Superluminescent Sources
Author: the photonics expert Dr. Rüdiger Paschotta
Acronym: SFS
Definition: optical sources based on superluminescence
Categories: photonic devices, non-laser light sources
DOI: 10.61835/dh2 Cite the article: BibTex plain textHTML Link to this page LinkedIn
Superluminescent sources (also called ASE sources) are broadband light sources (white light sources) based on superluminescence. (They are sometimes erroneously called superfluorescent sources, which would be based on the substantially different phenomenon of superfluorescence.) Essentially, a superluminescent source contains a laser gain medium which is excited in order to emit and then amplify luminescent light.
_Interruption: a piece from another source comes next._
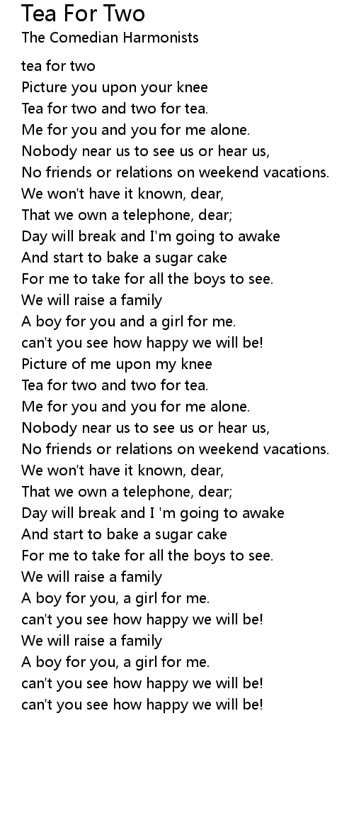 Tea for two and two for tea. |
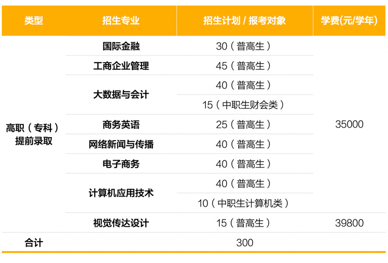 学校2022年高职提前招生计划300名(其中面向普高招生考生275名,面向单独考试招生考生25名),具体招生专业及计划如下:

A superluminescent source has a very low temporal coherence, resulting from the large emission bandwidth (compared with that of, e.g., a laser). That greatly reduces the tendency for laser speckle, as are often observed with laser beams, e.g. from laser diodes. On the other hand, the spatial coherence is usually very high: the output of a superluminescent source can be very well focused (similar to a laser beam) and is thus suitable for obtaining by far higher optical intensities than with an incandescent lamp, for example. This combination of low temporal and high spatial coherence makes such devices interesting for applications such as optical coherence tomography (OCT) (e.g. in the medical sector), device characterization (e.g. in optical fiber communications), gyroscopes, and fiber-optic sensors. See the article on superluminescent diodes for more details on applications.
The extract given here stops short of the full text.